_What is required_: An exact reprint of every record below is required, with the pictures left out.

**** Given data

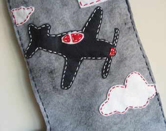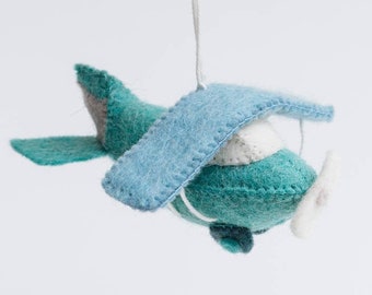 Boys 100% Merino Wool Felt Airplane with Clouds Crown
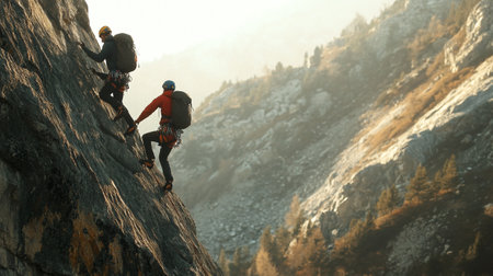 Two equipped rock climbers ascending challenging vertical rocky wall. Generative AI
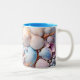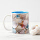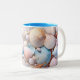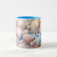 Seashell Coffee Tasse mit Blau-, Rosa- und Orangetönen.
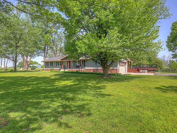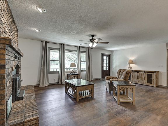 Welcome to your meticulously maintained ranch-style home on the east side of Carthage! This inviting 3-bedroom, 2-bathroom home spans a comfy 1,856 square feet, offering ample space for both relaxation and entertainment. Step inside to discover a cozy living room featuring a wood-burning brick fireplace that promises warm chilly evenings. The space flows seamlessly into a fully equipped kitchen with an island--perfect for the budding chef--and an adjoining dining area to host memorable dinners. New luxury vinyl flooring adds a touch of elegance throughout the main living areas. The primary bedroom serves as a peaceful retreat, boasting an ensuite with a beautifully tiled shower, ensuring private indulgences after a long day. A family room at the back of the house is the ultimate spot for hosting gatherings or enjoying quiet afternoons with a book. From here, step out onto a spacious, tiered composite deck. Whether it's summer barbecues, star gazing, or storm watching, the outdoor area, complete with a storm shelter below, is tailored for any occasion. The property does not just stop at being a home; it extends into a park-like setting equipped with a barn/workshop and a sizable pole structure, ideal for projects or storage. With two wells, one for watering the yard and another for home use, your green thumb and practical needs are well catered to.
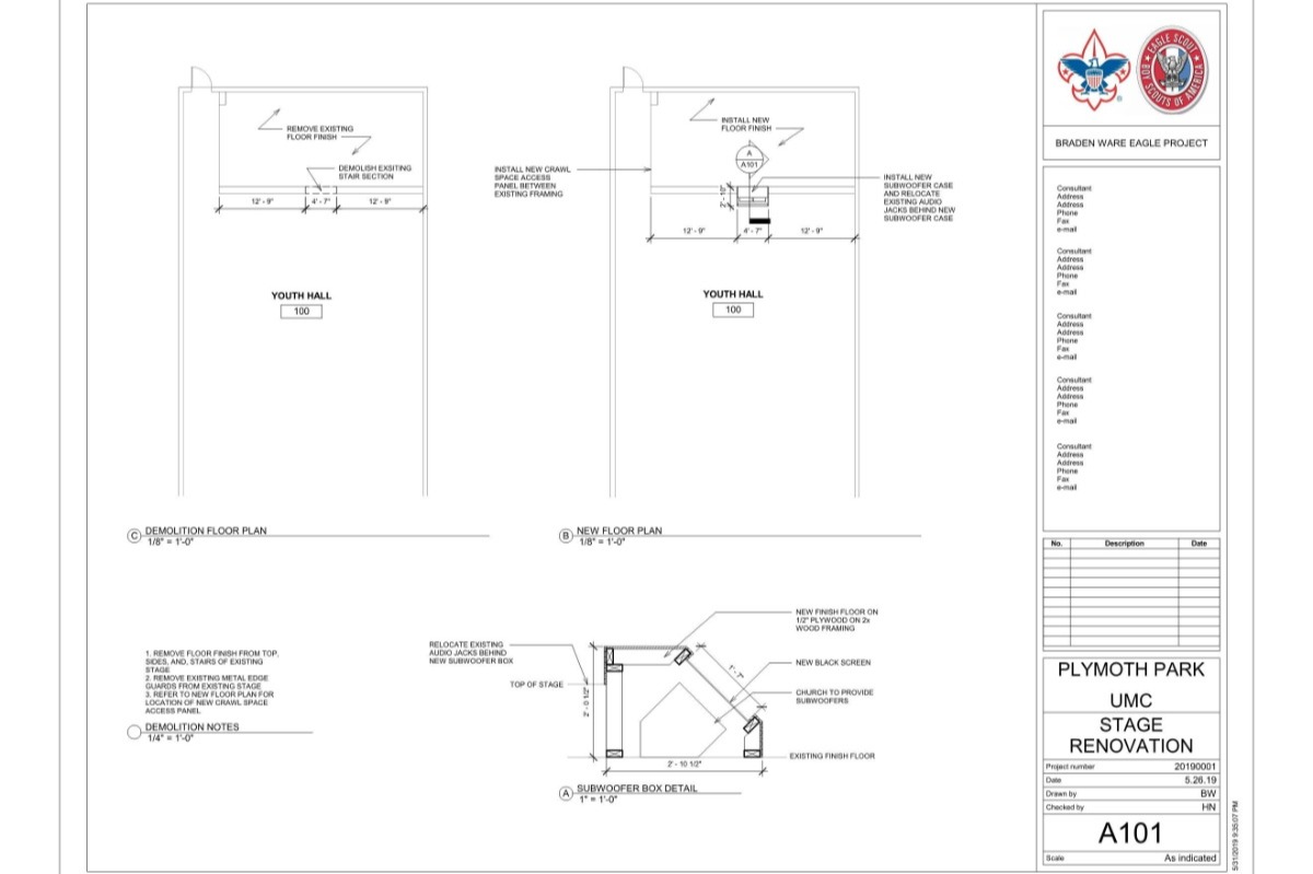 Please help me fund my eagle scout project in which I plan to improve the youth hall stage at Plymouth Park United Methodist Church. I will be resurfacing the existing youth hall stage, rewiring the audio on the stage, building a speaker case to implement existing subwoofers, and resurfacing the existing drum set riser. Being able to complete this project would give me the opportunity to support a local community, and build a leadership skill set that I will be able to use for years to come. Thank you, Braden Ware
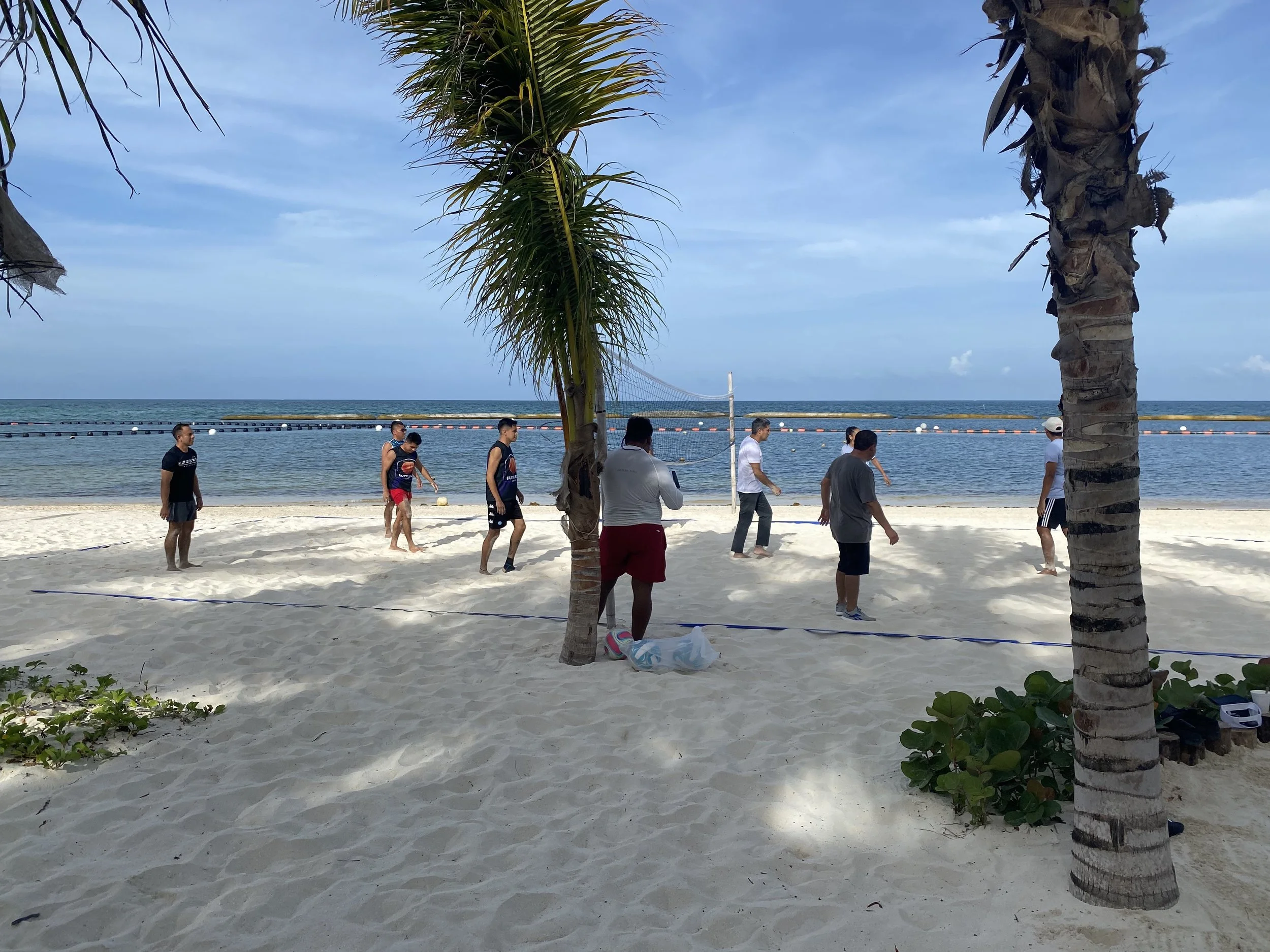 Towards the end of the day we saw a bunch of the staff members heading down to the beach, and a bunch of them were in matching shirts. Then we heard cheering, so we went to check it out. Turns out they were having a staff volleyball game so we sat and watched. It was Executives and Food and Beverage vs. Butlers and Lobby/Front staff. It was fun to watch. I’m not sure who won.

********

_Response box_:
 Boys 100% Merino Wool Felt Airplane with Clouds Crown
 Two equipped rock climbers ascending challenging vertical rocky wall. Generative AI
 Seashell Coffee Tasse mit Blau-, Rosa- und Orangetönen.
 Welcome to your meticulously maintained ranch-style home on the east side of Carthage! This inviting 3-bedroom, 2-bathroom home spans a comfy 1,856 square feet, offering ample space for both relaxation and entertainment. Step inside to discover a cozy living room featuring a wood-burning brick fireplace that promises warm chilly evenings. The space flows seamlessly into a fully equipped kitchen with an island--perfect for the budding chef--and an adjoining dining area to host memorable dinners. New luxury vinyl flooring adds a touch of elegance throughout the main living areas. The primary bedroom serves as a peaceful retreat, boasting an ensuite with a beautifully tiled shower, ensuring private indulgences after a long day. A family room at the back of the house is the ultimate spot for hosting gatherings or enjoying quiet afternoons with a book. From here, step out onto a spacious, tiered composite deck. Whether it's summer barbecues, star gazing, or storm watching, the outdoor area, complete with a storm shelter below, is tailored for any occasion. The property does not just stop at being a home; it extends into a park-like setting equipped with a barn/workshop and a sizable pole structure, ideal for projects or storage. With two wells, one for watering the yard and another for home use, your green thumb and practical needs are well catered to.
 Please help me fund my eagle scout project in which I plan to improve the youth hall stage at Plymouth Park United Methodist Church. I will be resurfacing the existing youth hall stage, rewiring the audio on the stage, building a speaker case to implement existing subwoofers, and resurfacing the existing drum set riser. Being able to complete this project would give me the opportunity to support a local community, and build a leadership skill set that I will be able to use for years to come. Thank you, Braden Ware
 Towards the end of the day we saw a bunch of the staff members heading down to the beach, and a bunch of them were in matching shirts. Then we heard cheering, so we went to check it out. Turns out they were having a staff volleyball game so we sat and watched. It was Executives and Food and Beverage vs. Butlers and Lobby/Front staff. It was fun to watch. I’m not sure who won.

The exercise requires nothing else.